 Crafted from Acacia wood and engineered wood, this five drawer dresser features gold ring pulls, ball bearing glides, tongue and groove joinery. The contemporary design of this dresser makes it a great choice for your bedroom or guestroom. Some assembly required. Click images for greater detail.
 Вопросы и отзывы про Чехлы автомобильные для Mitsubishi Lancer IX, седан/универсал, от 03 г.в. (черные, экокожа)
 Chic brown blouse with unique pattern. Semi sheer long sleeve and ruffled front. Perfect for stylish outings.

======

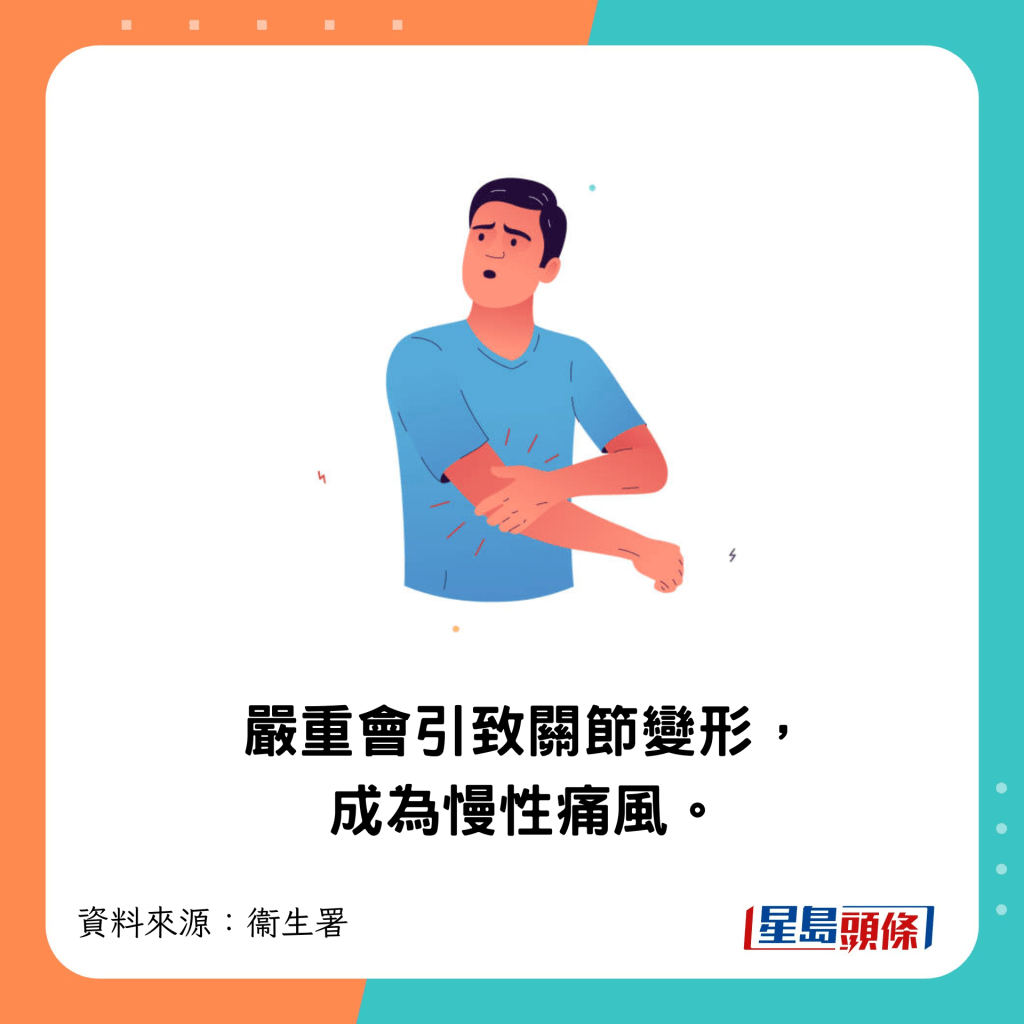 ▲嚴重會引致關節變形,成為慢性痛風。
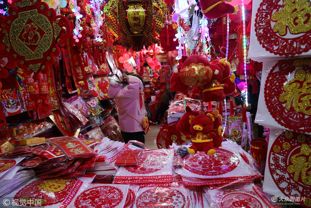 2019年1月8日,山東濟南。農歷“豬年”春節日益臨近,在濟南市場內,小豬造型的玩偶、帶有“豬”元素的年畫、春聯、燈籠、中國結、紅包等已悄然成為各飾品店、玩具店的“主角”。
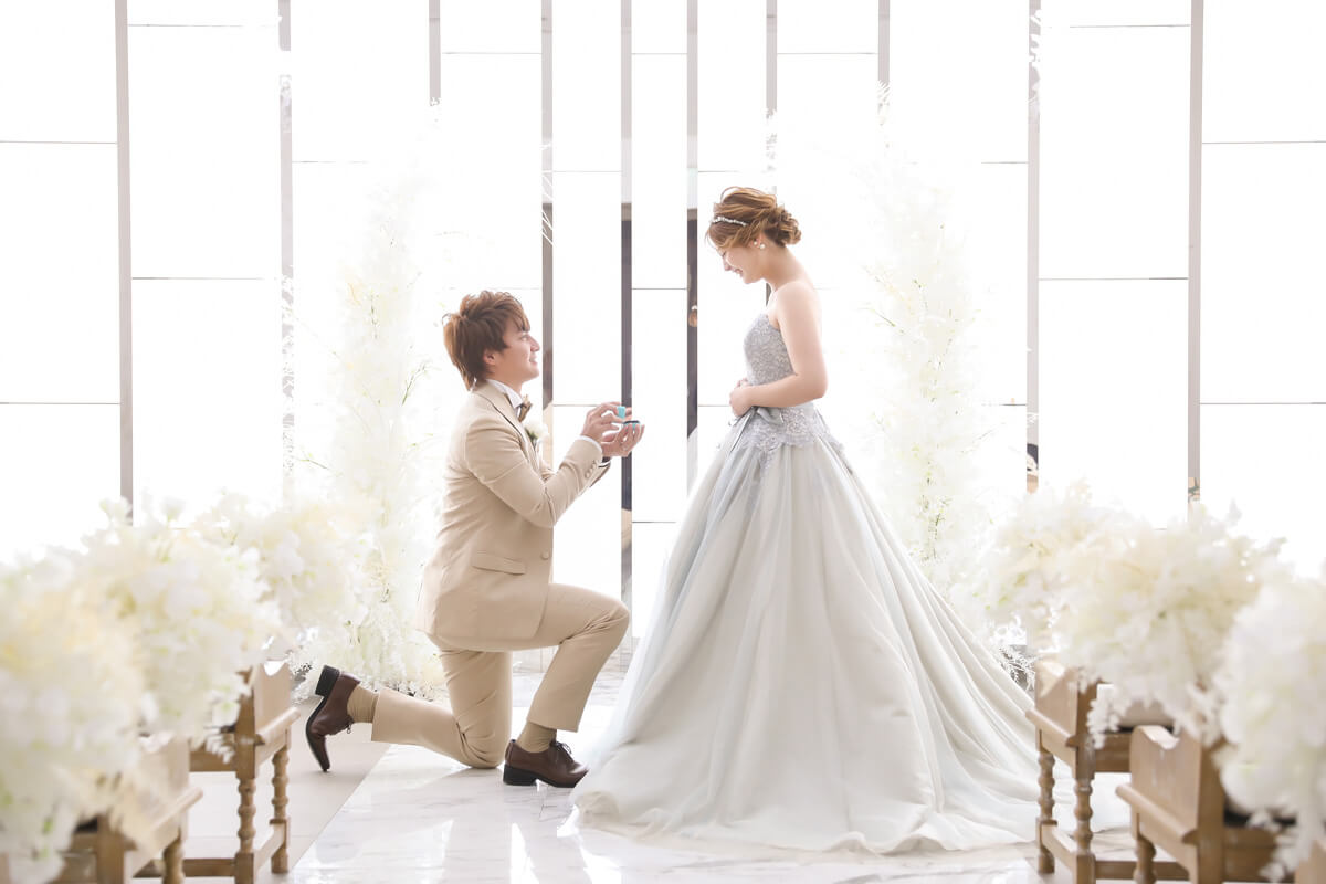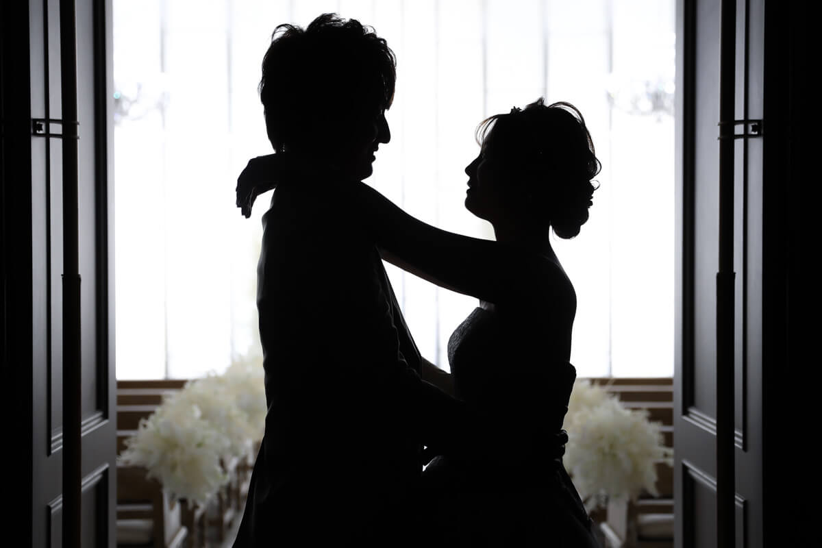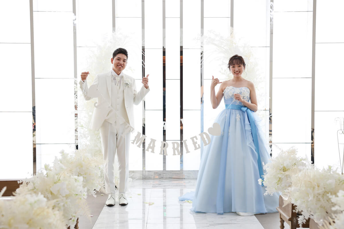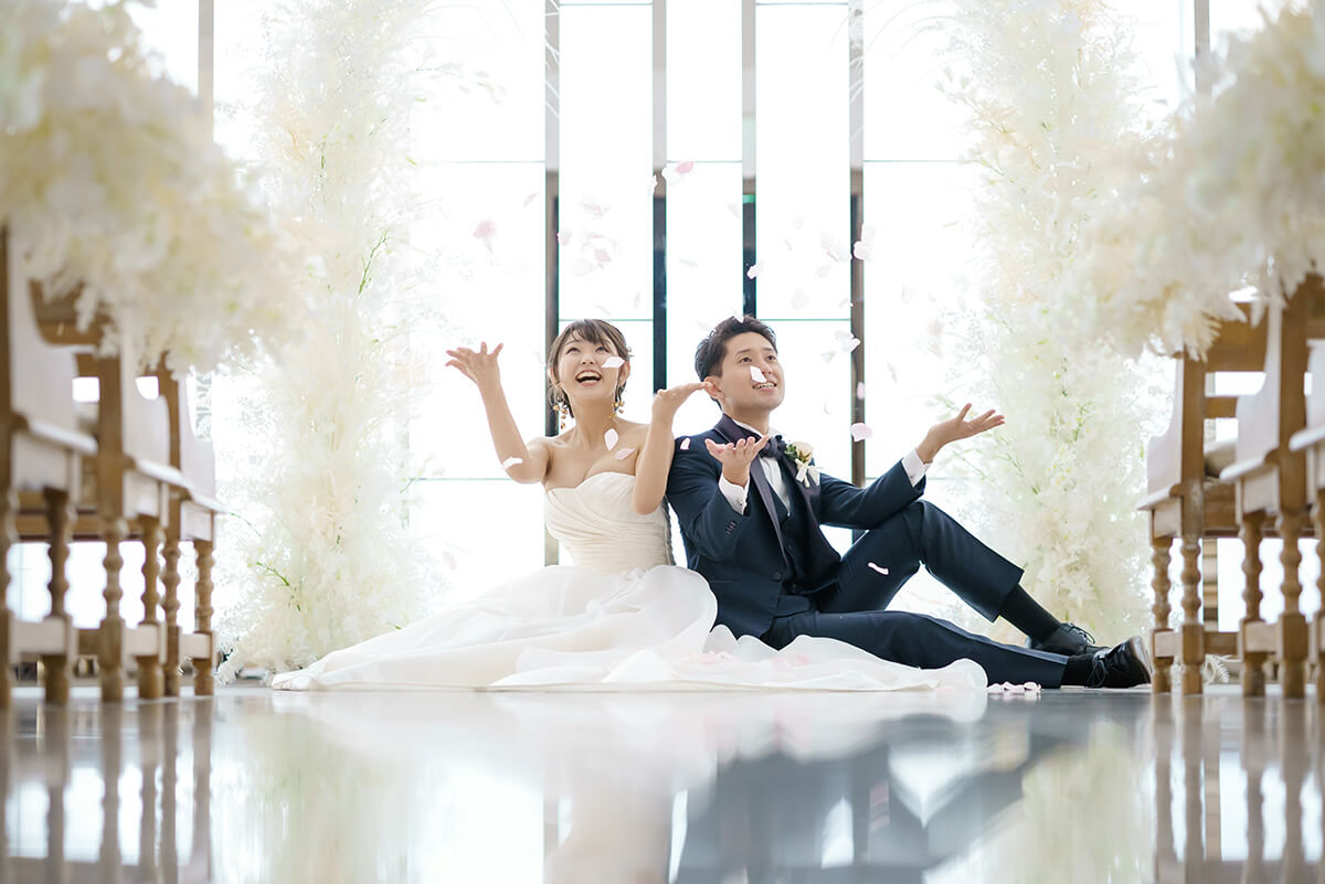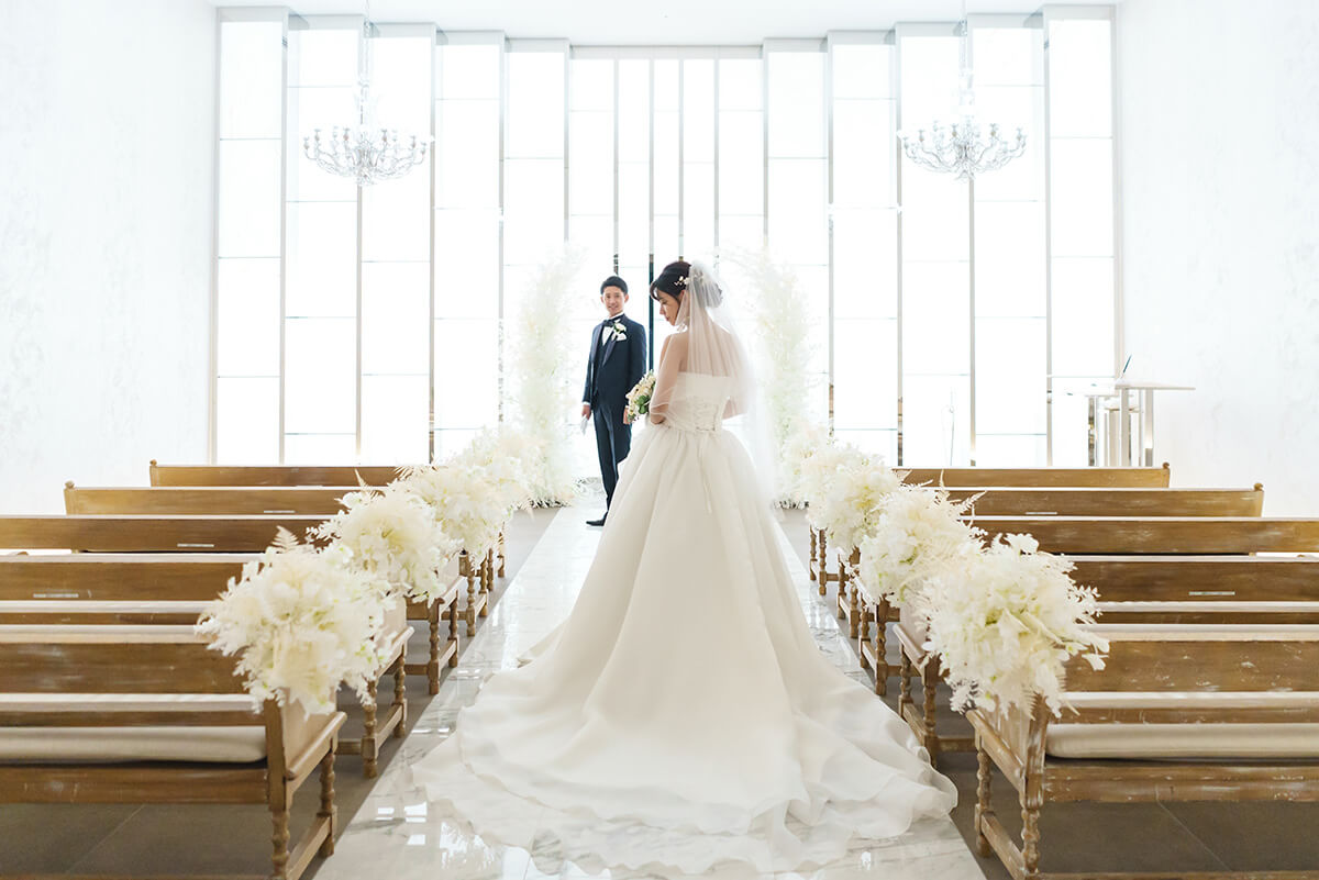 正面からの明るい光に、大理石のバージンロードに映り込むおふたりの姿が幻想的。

======

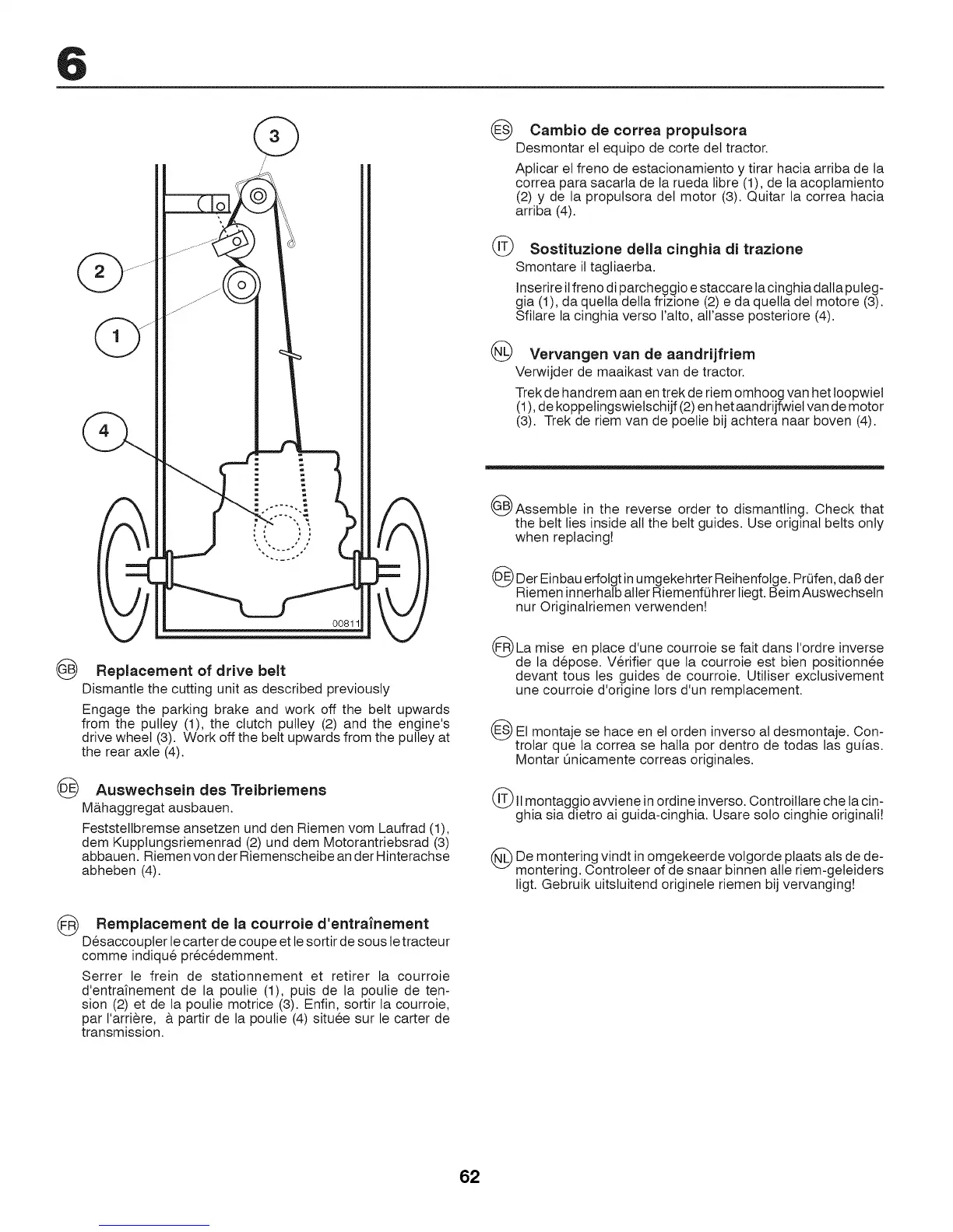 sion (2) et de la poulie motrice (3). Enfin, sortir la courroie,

======

Find where the line with "2019年1月8日,山東濟南" sits in the material above and where the line with "正面からの明るい光に、大理石のバージンロードに映り込むおふたりの姿が幻想的。" sits. Set down exactly the lines from the first to the second, both included and nothing else, without pictures.

## Your solution
 2019年1月8日,山東濟南。農歷“豬年”春節日益臨近,在濟南市場內,小豬造型的玩偶、帶有“豬”元素的年畫、春聯、燈籠、中國結、紅包等已悄然成為各飾品店、玩具店的“主角”。
 正面からの明るい光に、大理石のバージンロードに映り込むおふたりの姿が幻想的。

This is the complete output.